Eddie never got the chance to hold his children again.

Eddie died that day just because he wanted to provide for his family.

To make matters worse, Trumkas goons pounded would-be rescuers with stones keeping them from trying to help Eddie.

Trumka's public reaction is as chilling as it is revealing.

When, shortly after Eddies murder, Trumka was asked about the union orchestrated violence, he said, if you strike a match and put your finger in, common sense tells you you're going to burn your finger. Youre going to get burned?

This was brutal violence including a murder that Trumka was talking about so casually.

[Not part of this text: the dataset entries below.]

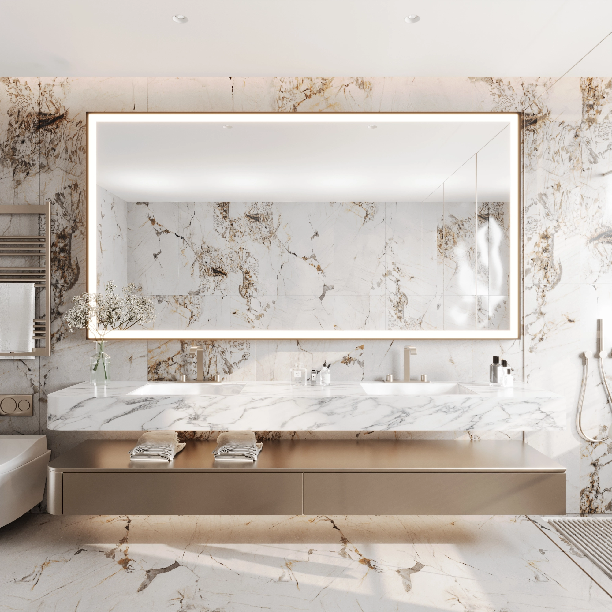 Add bold sophistication to your space with the Chic 100 x 45 LED Vanity Mirror in Gold. Its clean rectangular lines and rich frame create a striking modern look, perfect for bathrooms, powder rooms, or dressing areas.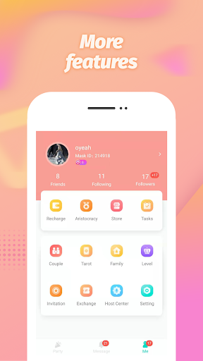 Mask is a new group voice chat & online entertainment App in the Arab world. In Mask, you will find live group voice chat rooms, online entertainment communities, popular live music houses, Karaoke singing room, playing a range of small games, making lots of friends and sending a range of amazing grand gifts.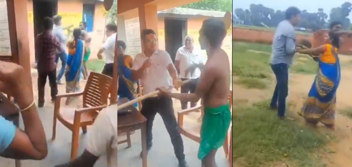 ബിഹാറിലെ ഷാവാസ്പൂർ മിഡിൽ സ്കൂളിലാണ് നാടകീയ രംഗങ്ങൾ അരങ്ങേറിയത്. ഹോം വർക്ക് ചെയ്യാത്തതിന് വിദ്യാർത്ഥിയെ അധ്യാപകൻ അടിച്ചതും ശകാരിച്ചതും വീട്ടുകാർക്ക് ഇഷ്ടപ്പെടാത്തതിനാലാണ് ആക്രമിച്ചതെന്നാണ് ദേശീയ മാധ്യമങ്ങൾ റിപ്പോർട്ട് ചെയ്യുന്നത്.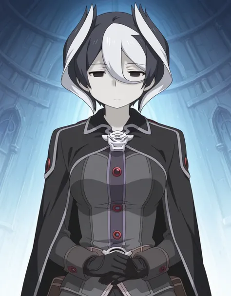 Ozen: ozen, black eyes, empty eyes, white hair, two-tone hair, short hair, hair between eyes, black cape, long sleeves, black gloves, tall female -----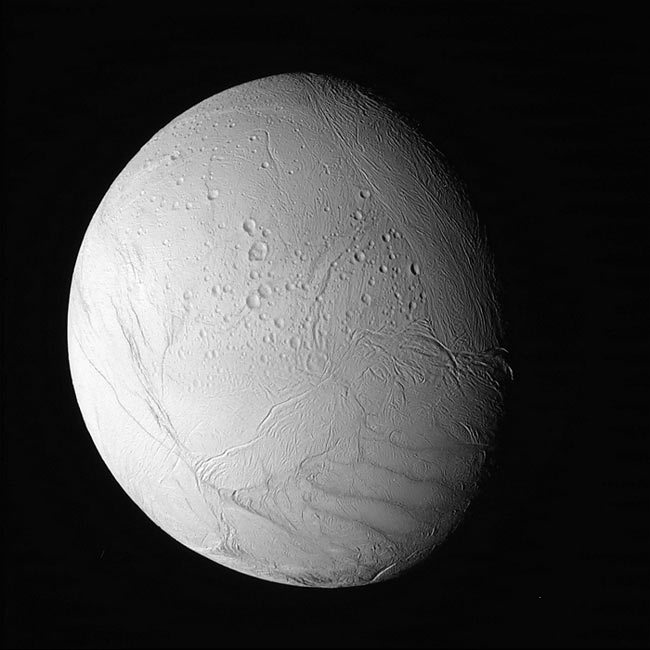 Внешний вид Энцелада. Фотография сделана АМС «Кассини» 14 июля 2005 с расстояния 103, 2 тыс. км.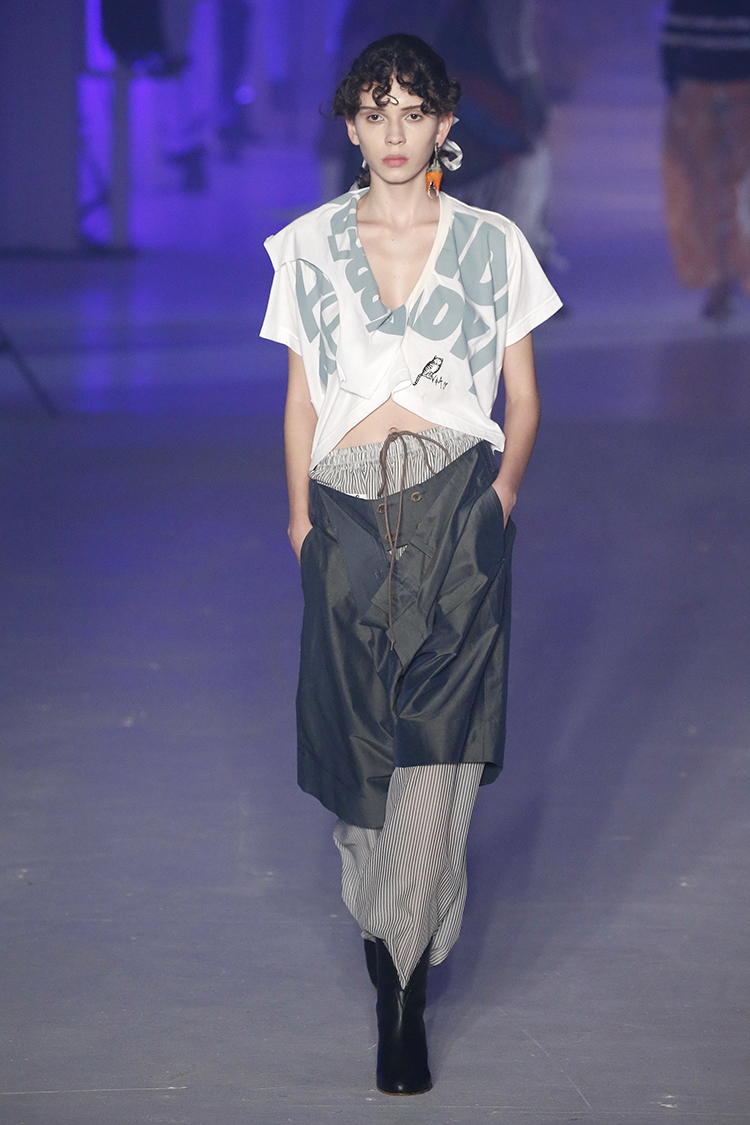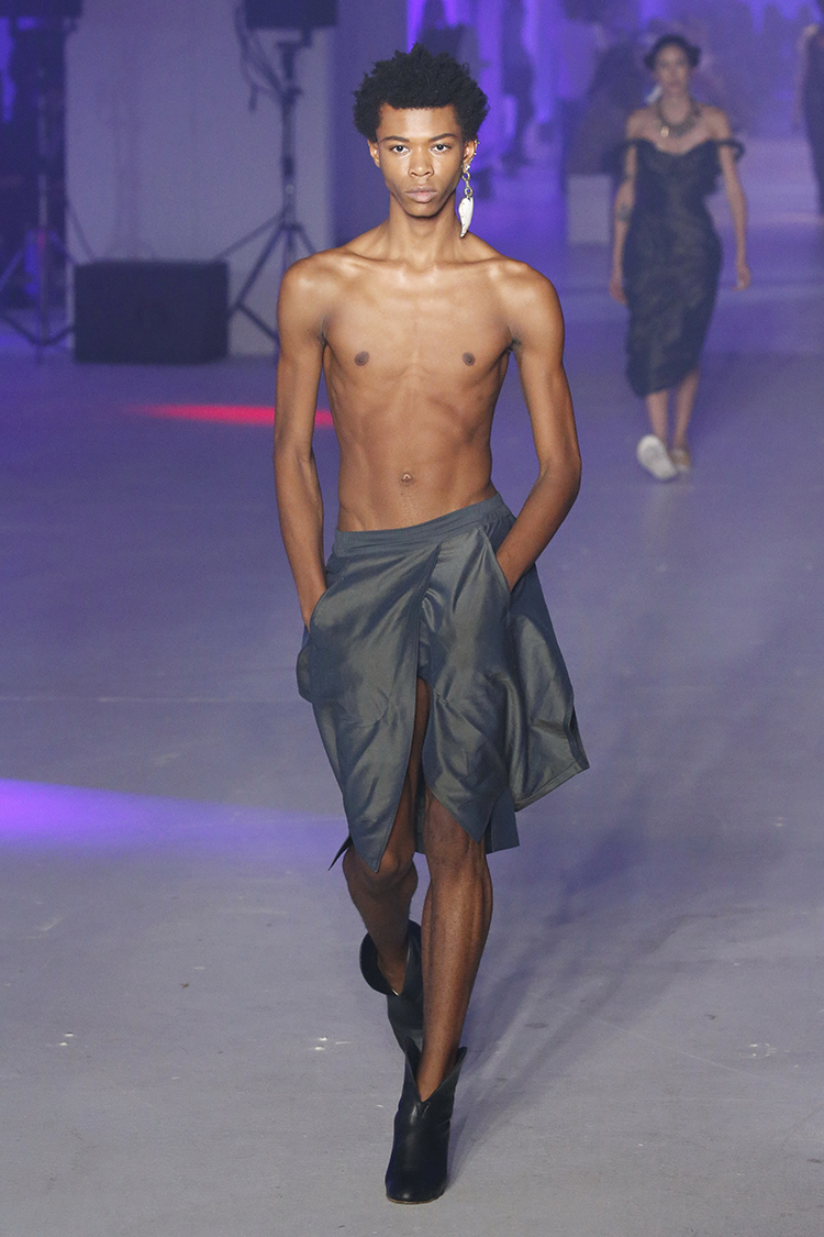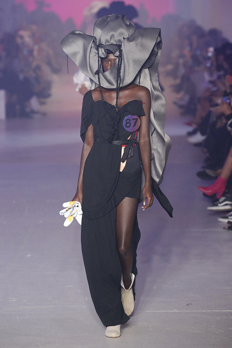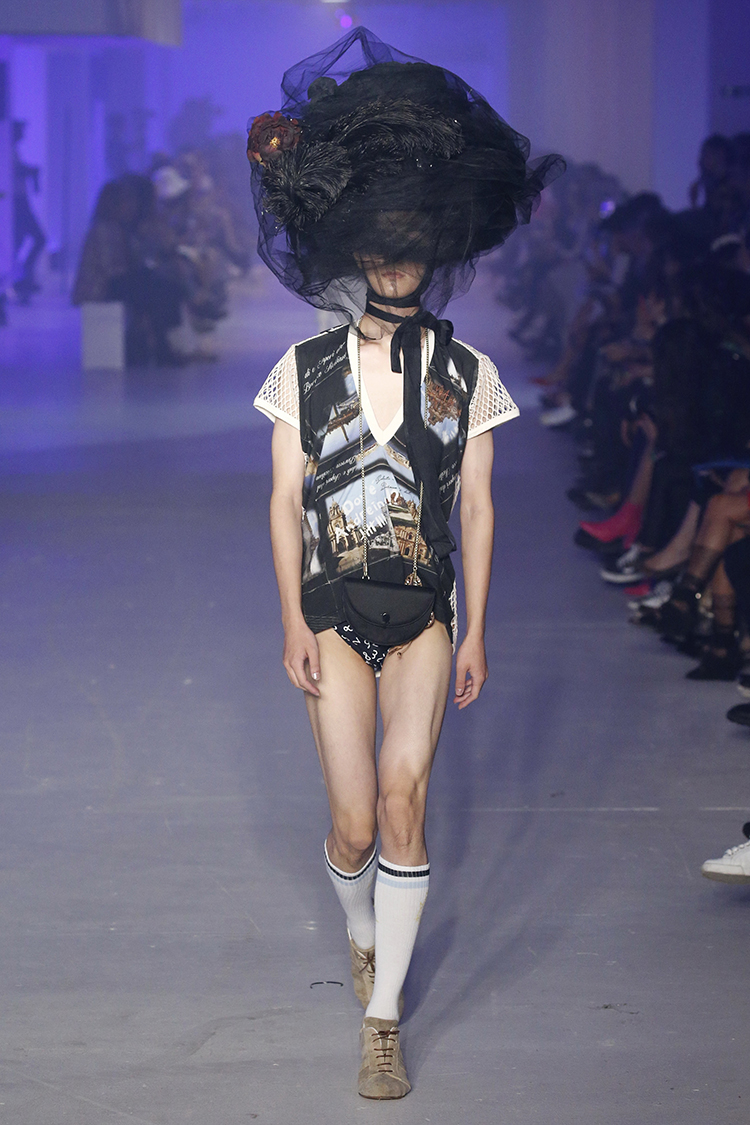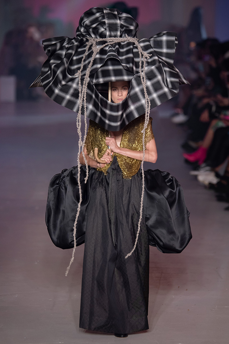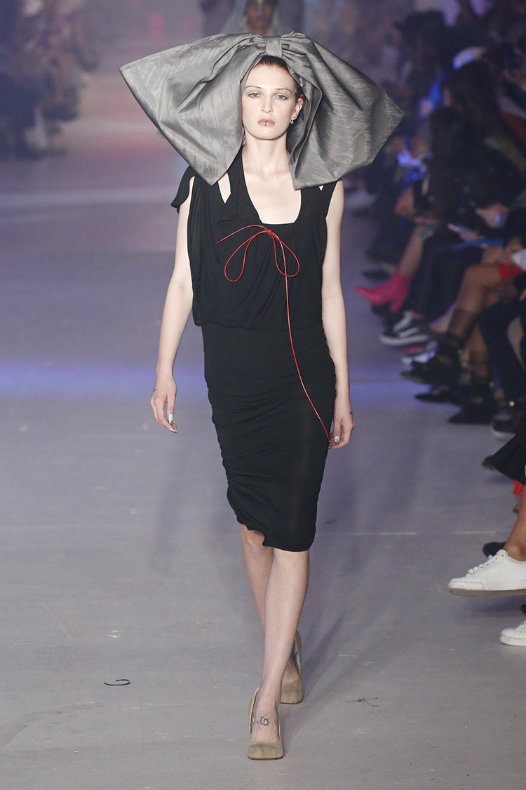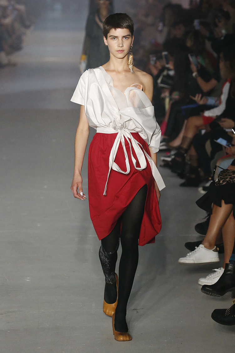 C’est dans un hangar gigantesque de la rue des Poissonniers, à Paris, que Vivienne Westwood a présenté sa collection printemps-été 2020. Un cadre en parfaite adéquation avec le style de la maison. Andreas Kronthaler dévoile ici une collection aussi inspirante qu’inspirée baptisée ‘Rock me Amadeus‘. Il nous invite à la rencontre des pin-ups des années 50 dans un spectacle ambulant où les vêtements se font et se défont, où les formes, aussi fluides que des nuages, affinent des silhouettes souvent fantasques. Les Hommes se mélangent aux animaux et aux machines pour créer un monde à la frontière du réel. Au programme : des chapeaux démesurés, du volume, des drapés, de la superposition …
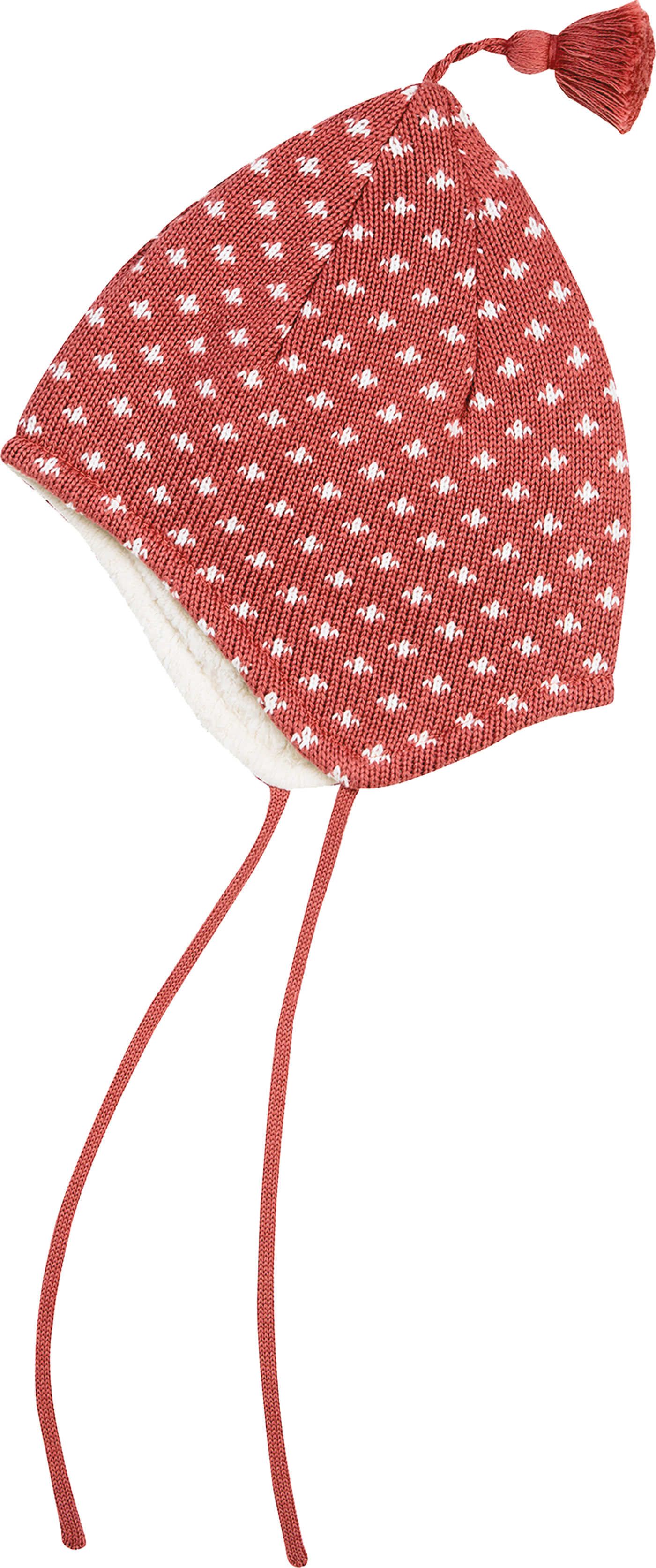 Wärmende Zipfelmütze TIPSA aus hochwertigem Baumwollstrick außen und kuschelweichem Baumwollfleece innen von FINKID. Für passgenauen Komfort sorgen angeschnittene Ohrenklappen und Bindebänder.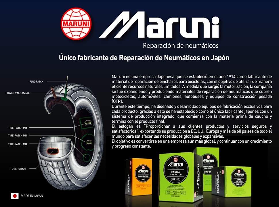 Los parches para cámaras de aire del fabricante Japonés MARUNI están destinados a la reparación permanente de cámaras de aire, así como a la instalación y sustitución de válvulas para cámara de neumáticos.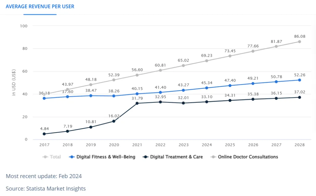 In a recent analysis by our team at Market Research Thailand, it was found that Thailand’s Digital Health market is set for significant expansion in the coming years. Revenue is expected to hit USD 1.03 billion by 2024, driven by a rising adoption of digital health solutions. A notable increase in telemedicine usage shows that more patients are opting for remote healthcare consultations. The anticipated average revenue per user (ARPU) is projected to be USD 42.78, illustrating the growing investment in digital health services.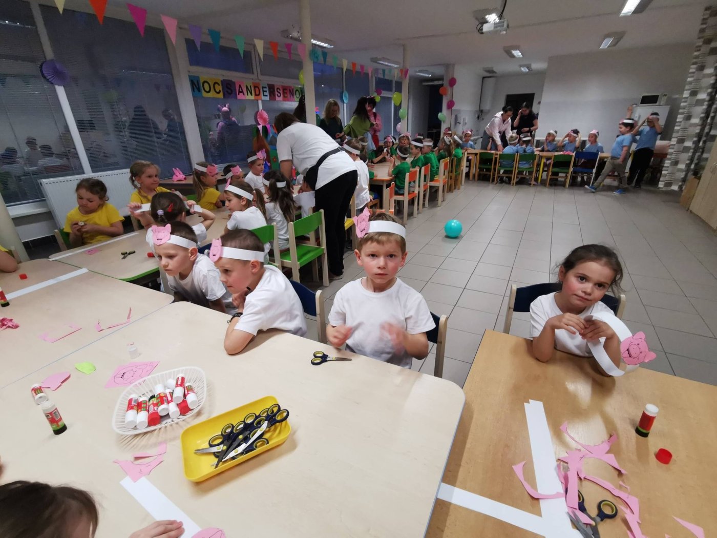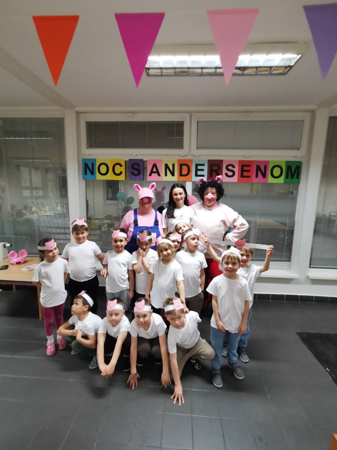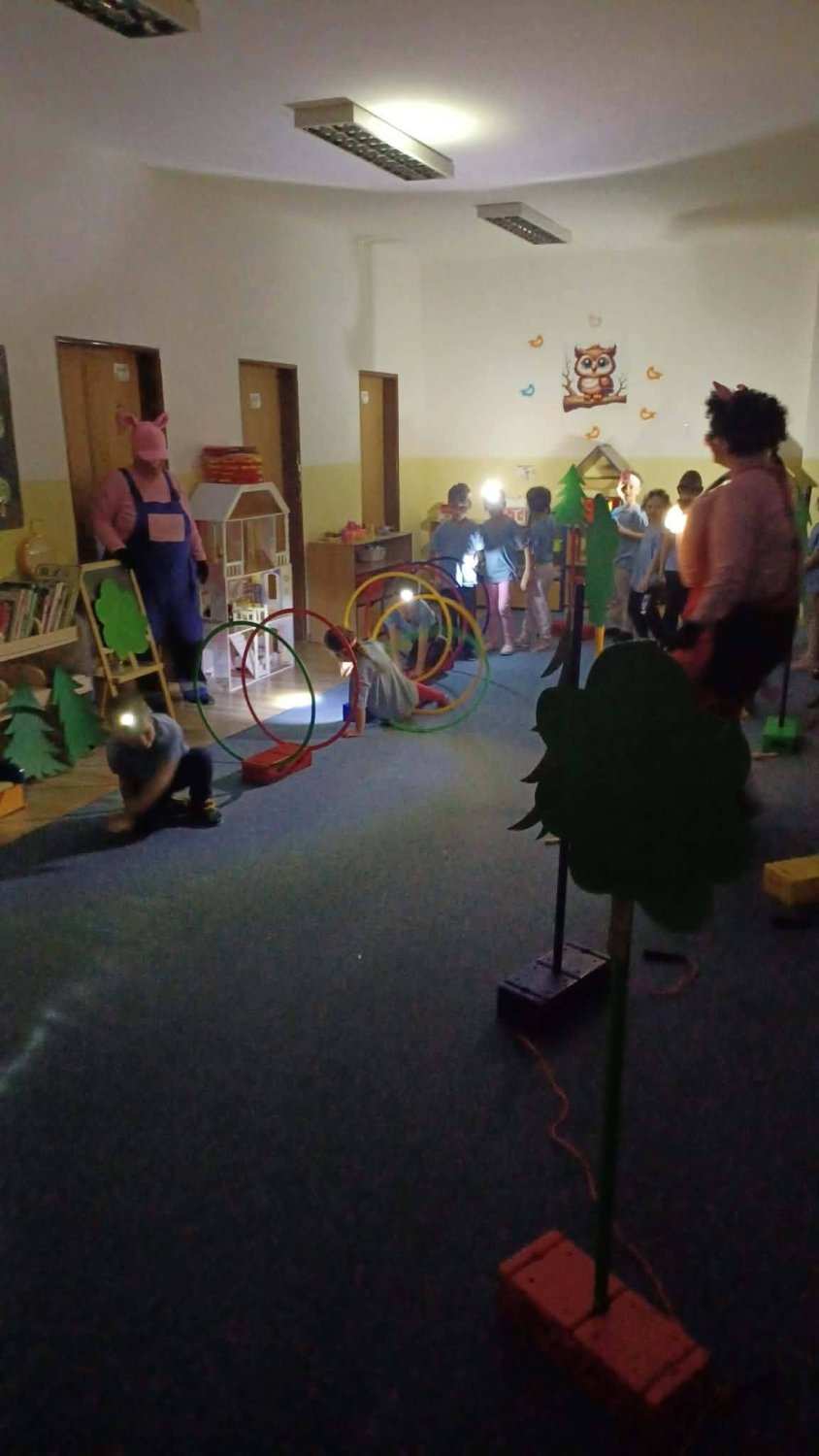 Po príchode do materskej školy deti privítali pani učiteľky a spoločne sa preniesli do rozprávkového sveta prasiatok. Dozvedeli sa, ako sa prasiatka vybrali na cestu do sveta, prekonávali prekážky a stretávali nových kamarátov. Počas večera sa deti vydali na nočnú dobrodružnú cestu s čelovkami po materskej škole, kde plnili rôzne úlohy na stanovištiach, ktoré vytvorili tajomnú a rozprávkovú atmosféru. Večer pokračoval kúzelníckym prekvapením a diskotékou. Neskôr sa deti vrátili do svojich tried, prezliekli do pyžama a tešili sa na nočné kino. Spoločne sme si pozreli animovanú rozprávku Lorax.

In June 1994, a federal jury found Mineworkers strike captain Jerry Dale Lowe guilty on conspiracy and weapons charges in the death of York. York's widow filed a lawsuit against Lowe, Trumka, and several other Mineworker Union officials charging that Trumkas strike tactics and directives had contributed to Eddie York's death.

For four years, forced union dues paid lawyers to zealously fight Widow York's wrongful death suit. But it was a judges order that federal prosecutors release evidence from Lowe's criminal trial that turned the table.

After that bombshell, it took Trumkas lawyers just two days to reach a secret settlement. Until the very day of the settlement was reached, Trumka and his cohorts defense strategy was to insist that strike captain Lowe was innocent even though a previous Mineworkers-financed appeal had been dismissed by the U.S. Supreme Court.

Union lawyers apparently couldn't afford to concede that Lowe had committed the crime and claim that he had acted alone. Why not? Perhaps because there was overwhelming evidence, now buried as a result of the settlement that proved Lowe worked with other union bosses not alone.